Available data:
* * * * * * *

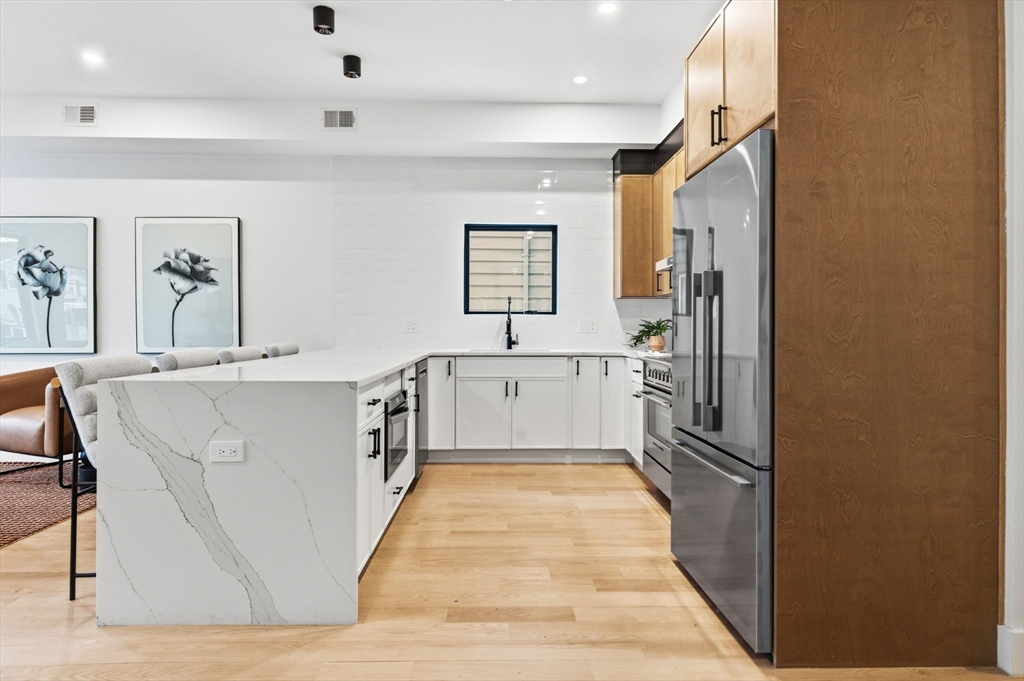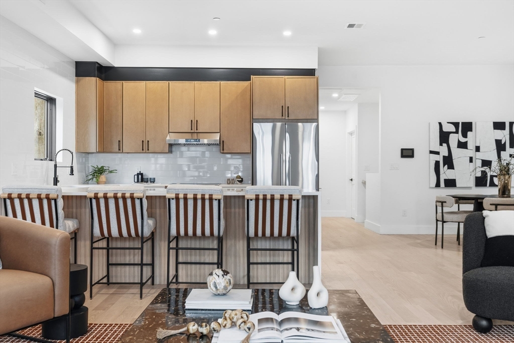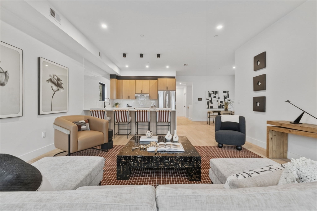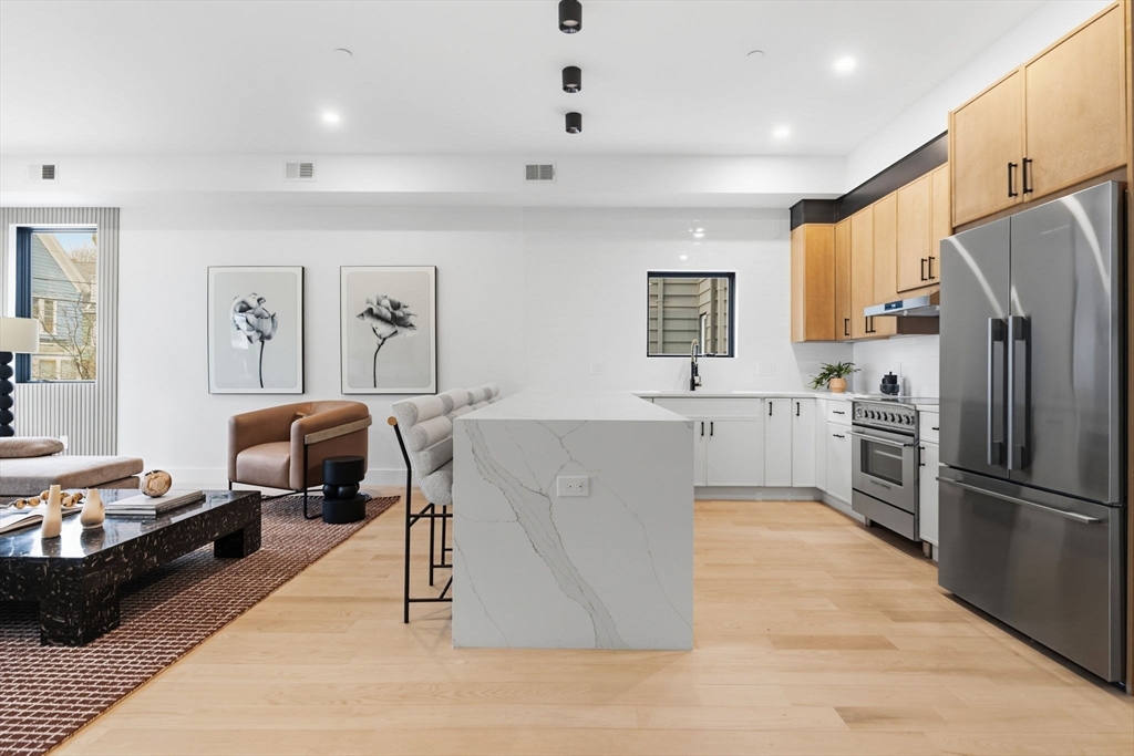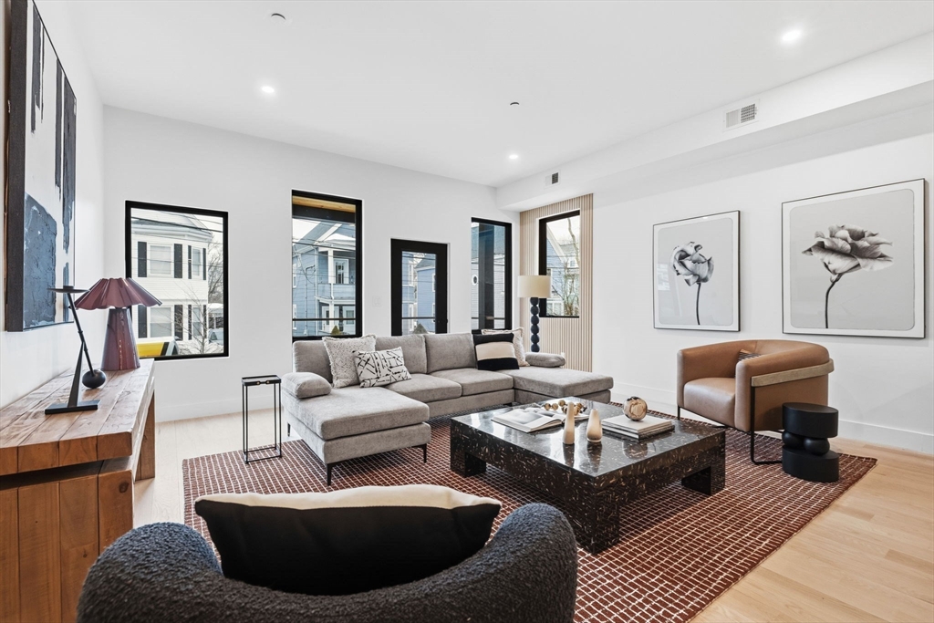 Your chance to own a thoughtfully designed new construction home in one of Somerville’s most connected neighborhoods. This 2,382 sq ft bi-level unit offers 3 beds+ & 3.5 baths designed for comfort & everyday living. The main level showcases an open concept layout anchored with 10' ceiling, a spacious living & dining area & a stunning kitchen with Fisher & Paykel appliances, quartz countertops & a mix of warm wood & crisp white cabinetry. Floor-to-ceiling Marvin windows fill the space with natural light & extend to a private deck, ideal for relaxing or entertaining. A private primary suite is tucked just off the main living area with a luxurious bath and walk-in closet, while a bright guest bedroom and powder complete this floor. Downstairs, a spacious family room opens directly to the patio for seamless indoor-outdoor living, along with a junior suite and additional office. Set within a boutique building just moments from Davis Square, the Green Line Extension & the Community Path.
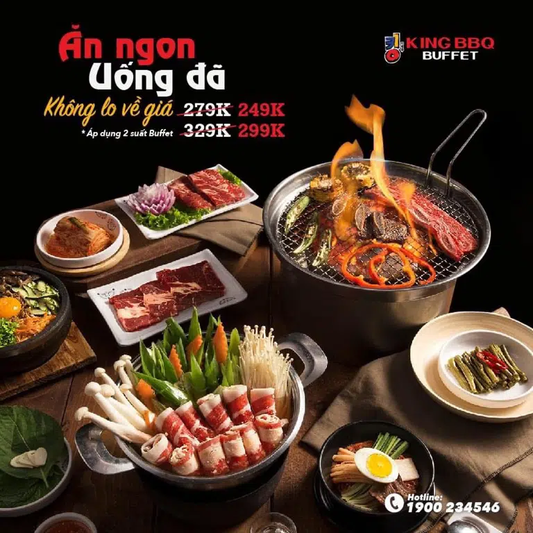 Để được thưởng thức thịt nướng Hàn Quốc đúng “phiên bản gốc” thì đừng bỏ qua chuỗi nhà hàng King BBQ bạn nhé. Tại đây phục vụ cả gọi món và buffet lẩu với hơn 200 món ăn ngon cùng các set combo dành cho nhóm đông người từ 2 – 4 người ăn. Đã đến đây thì đừng bỏ qua món sườn King best seller mà ai cũng ghiền nhé. Trước khi ăn món chính, bạn có thể bắt đầu bằng soup, kimchi salad,…
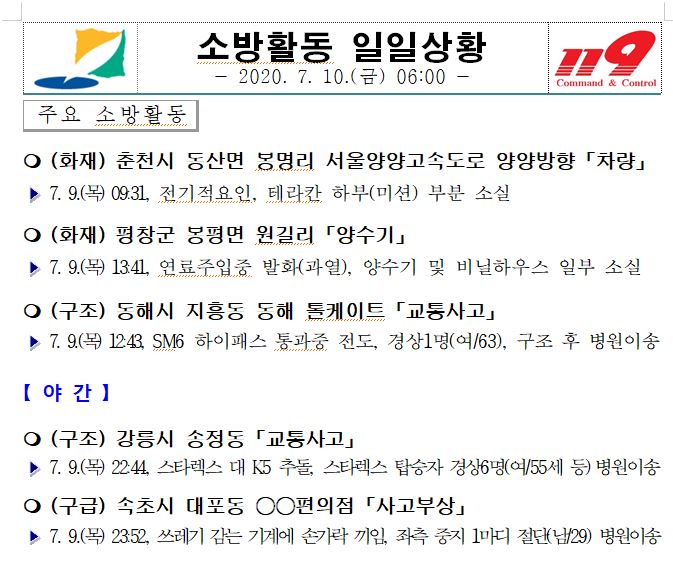 소방활동 일일상황 (7. 10. 금) 06:00
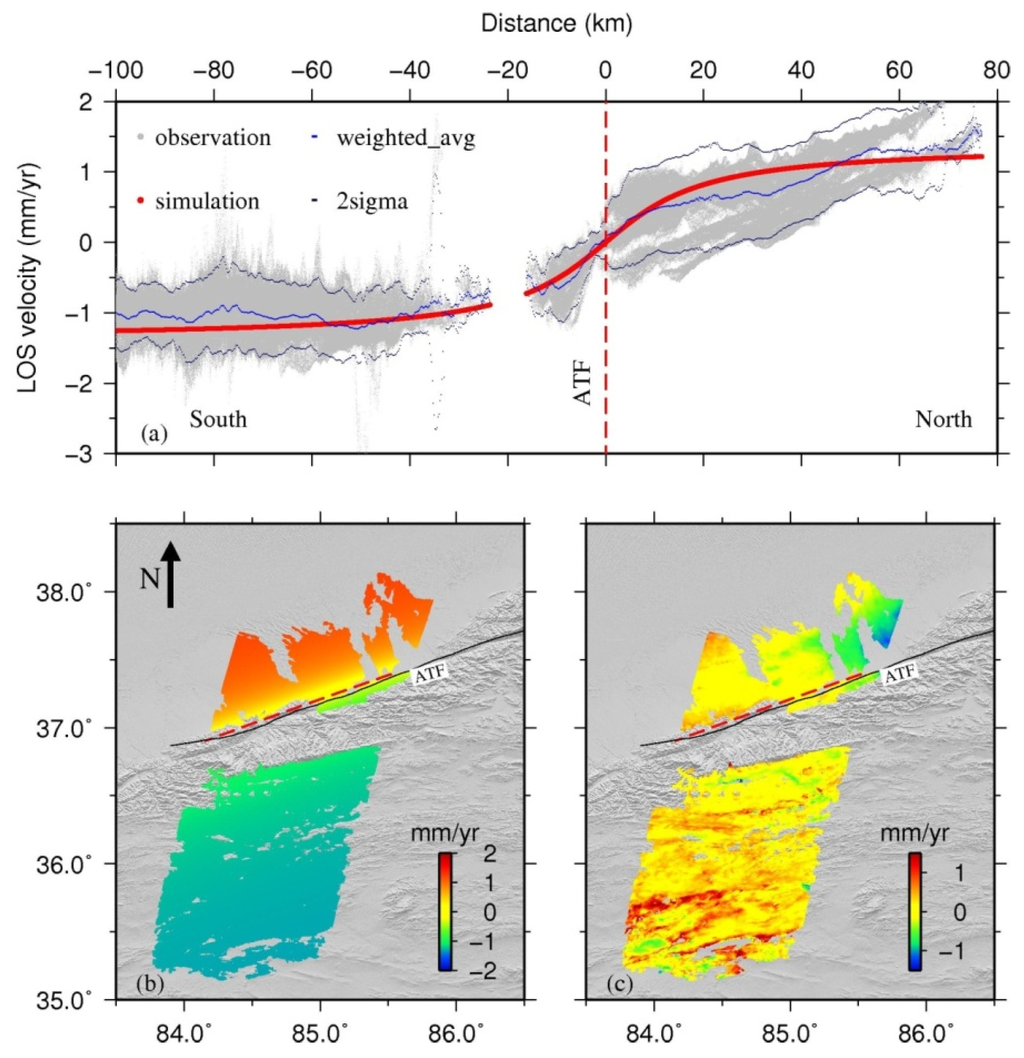 It is worth noting that we simplify the model by disregarding deformation produced by the other possible surrounding secondary faults in the study area. The real tectonic setting is definitely more complex than the simple model we have used in this study. The reasons we used this simple model are that reliable SAR data near the fault were not available, which may be insufficient for a distributed slip inversion in this case; and the fault-normal and vertical deformations across the ATF are relative less with respect the strike slip [1,2,14,15]. Our results may include contributions of surrounding secondary faults or other mechanisms like the shrinkage or expansion of clay minerals, or even excessive water pumping or significant seasonal variations of the water table. In addition, our SAR data covered only seven years, the low temporal resolution results prevent us from extracting the varying history of fault slip rate and locking depth. Our SAR data covered only a segment of the whole ATF, we assume that our results from SAR data can represent the first-order deformation characteristics of the ATF. The detailed deformation needs further geodetic or geological study.

* * * * * * *

The problem: Without including the pictures, copy all of the data exactly.

Response to the exercise:
 Your chance to own a thoughtfully designed new construction home in one of Somerville’s most connected neighborhoods. This 2,382 sq ft bi-level unit offers 3 beds+ & 3.5 baths designed for comfort & everyday living. The main level showcases an open concept layout anchored with 10' ceiling, a spacious living & dining area & a stunning kitchen with Fisher & Paykel appliances, quartz countertops & a mix of warm wood & crisp white cabinetry. Floor-to-ceiling Marvin windows fill the space with natural light & extend to a private deck, ideal for relaxing or entertaining. A private primary suite is tucked just off the main living area with a luxurious bath and walk-in closet, while a bright guest bedroom and powder complete this floor. Downstairs, a spacious family room opens directly to the patio for seamless indoor-outdoor living, along with a junior suite and additional office. Set within a boutique building just moments from Davis Square, the Green Line Extension & the Community Path.
 Để được thưởng thức thịt nướng Hàn Quốc đúng “phiên bản gốc” thì đừng bỏ qua chuỗi nhà hàng King BBQ bạn nhé. Tại đây phục vụ cả gọi món và buffet lẩu với hơn 200 món ăn ngon cùng các set combo dành cho nhóm đông người từ 2 – 4 người ăn. Đã đến đây thì đừng bỏ qua món sườn King best seller mà ai cũng ghiền nhé. Trước khi ăn món chính, bạn có thể bắt đầu bằng soup, kimchi salad,…
 소방활동 일일상황 (7. 10. 금) 06:00
 It is worth noting that we simplify the model by disregarding deformation produced by the other possible surrounding secondary faults in the study area. The real tectonic setting is definitely more complex than the simple model we have used in this study. The reasons we used this simple model are that reliable SAR data near the fault were not available, which may be insufficient for a distributed slip inversion in this case; and the fault-normal and vertical deformations across the ATF are relative less with respect the strike slip [1,2,14,15]. Our results may include contributions of surrounding secondary faults or other mechanisms like the shrinkage or expansion of clay minerals, or even excessive water pumping or significant seasonal variations of the water table. In addition, our SAR data covered only seven years, the low temporal resolution results prevent us from extracting the varying history of fault slip rate and locking depth. Our SAR data covered only a segment of the whole ATF, we assume that our results from SAR data can represent the first-order deformation characteristics of the ATF. The detailed deformation needs further geodetic or geological study.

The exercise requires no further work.